■ EXTRACTED MATERIAL:

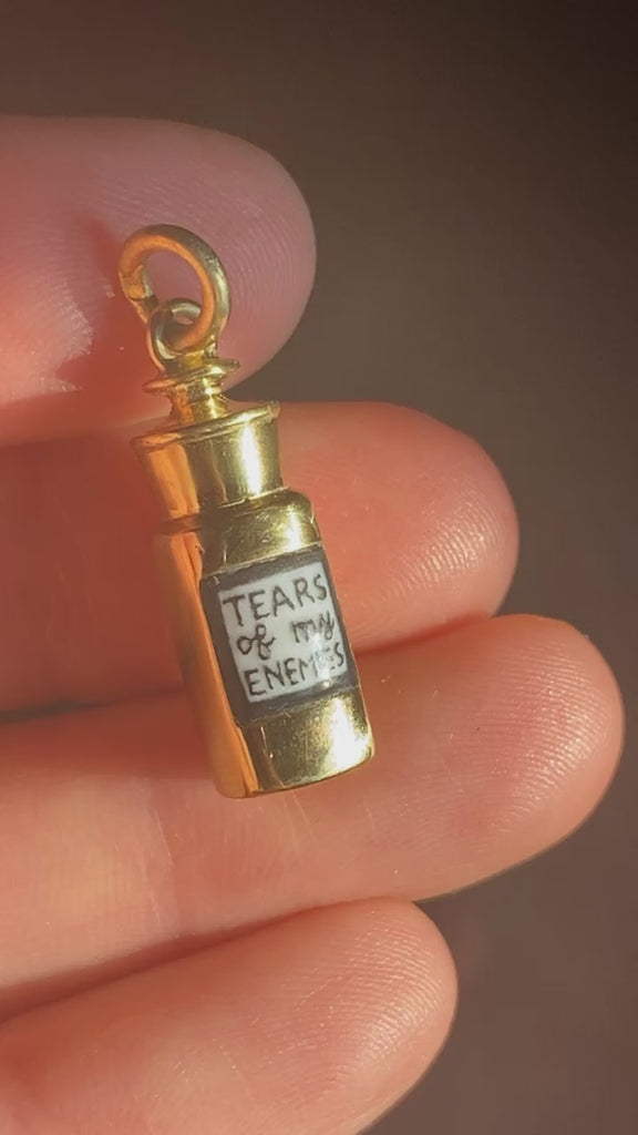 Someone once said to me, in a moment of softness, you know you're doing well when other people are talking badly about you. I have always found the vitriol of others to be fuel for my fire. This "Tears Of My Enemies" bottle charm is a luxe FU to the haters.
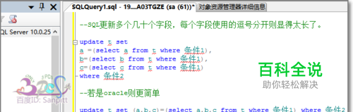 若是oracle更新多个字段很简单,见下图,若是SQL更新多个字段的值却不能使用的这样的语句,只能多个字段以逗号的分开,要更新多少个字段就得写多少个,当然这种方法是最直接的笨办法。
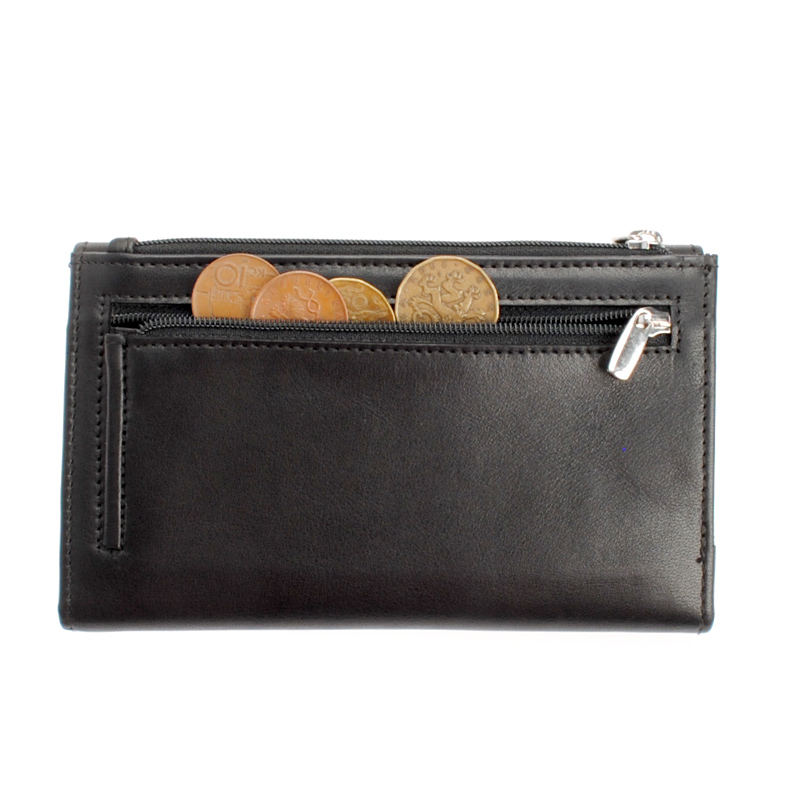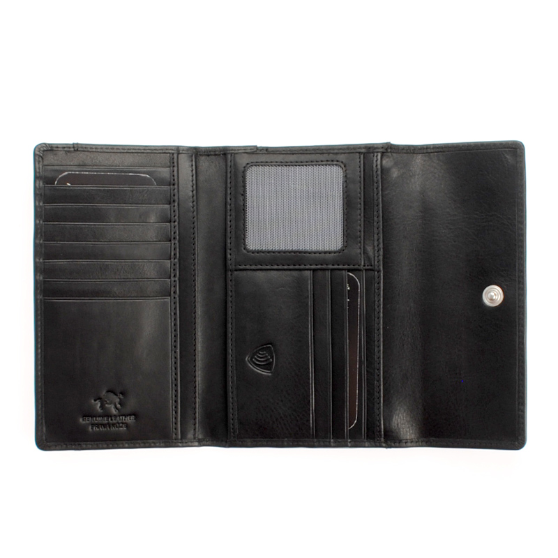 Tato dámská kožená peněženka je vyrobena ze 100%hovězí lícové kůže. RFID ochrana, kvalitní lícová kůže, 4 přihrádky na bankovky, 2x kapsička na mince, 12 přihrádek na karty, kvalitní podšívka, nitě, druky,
--
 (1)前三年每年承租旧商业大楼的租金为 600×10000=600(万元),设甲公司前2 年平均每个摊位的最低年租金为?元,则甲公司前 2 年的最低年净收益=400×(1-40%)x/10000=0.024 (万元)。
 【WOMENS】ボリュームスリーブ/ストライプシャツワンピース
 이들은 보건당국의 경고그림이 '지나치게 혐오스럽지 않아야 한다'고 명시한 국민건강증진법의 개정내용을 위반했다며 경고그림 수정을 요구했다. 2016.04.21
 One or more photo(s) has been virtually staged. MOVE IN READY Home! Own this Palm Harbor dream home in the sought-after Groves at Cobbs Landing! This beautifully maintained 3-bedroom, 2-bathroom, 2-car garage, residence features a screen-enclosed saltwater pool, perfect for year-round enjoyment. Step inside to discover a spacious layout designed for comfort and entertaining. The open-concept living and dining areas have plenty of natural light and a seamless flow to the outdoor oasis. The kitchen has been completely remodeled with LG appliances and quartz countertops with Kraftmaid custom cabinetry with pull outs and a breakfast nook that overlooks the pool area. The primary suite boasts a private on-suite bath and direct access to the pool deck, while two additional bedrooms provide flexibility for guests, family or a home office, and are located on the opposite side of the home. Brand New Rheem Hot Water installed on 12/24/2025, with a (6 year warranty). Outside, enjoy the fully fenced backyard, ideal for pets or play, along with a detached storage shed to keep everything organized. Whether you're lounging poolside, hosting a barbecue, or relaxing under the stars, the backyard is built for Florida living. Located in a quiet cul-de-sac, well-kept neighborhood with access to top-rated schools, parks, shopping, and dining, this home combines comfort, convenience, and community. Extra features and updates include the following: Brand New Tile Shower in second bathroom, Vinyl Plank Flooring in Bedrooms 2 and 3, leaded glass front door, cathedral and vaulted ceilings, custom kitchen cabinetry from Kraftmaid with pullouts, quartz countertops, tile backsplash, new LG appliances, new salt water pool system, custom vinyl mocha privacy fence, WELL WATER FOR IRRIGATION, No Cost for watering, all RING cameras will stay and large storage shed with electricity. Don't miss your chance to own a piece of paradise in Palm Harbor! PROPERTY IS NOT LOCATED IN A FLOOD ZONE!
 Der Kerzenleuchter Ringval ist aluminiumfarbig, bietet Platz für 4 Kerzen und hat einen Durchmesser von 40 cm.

■ AIM OF THE TASK:
Write out the lines above from the one with "若是oracle更新多个字段" through the one with "Tato dámská kožená", ends included, exactly; no picture goes in.

■ WRITTEN SOLUTION:
 若是oracle更新多个字段很简单,见下图,若是SQL更新多个字段的值却不能使用的这样的语句,只能多个字段以逗号的分开,要更新多少个字段就得写多少个,当然这种方法是最直接的笨办法。
 Tato dámská kožená peněženka je vyrobena ze 100%hovězí lícové kůže. RFID ochrana, kvalitní lícová kůže, 4 přihrádky na bankovky, 2x kapsička na mince, 12 přihrádek na karty, kvalitní podšívka, nitě, druky,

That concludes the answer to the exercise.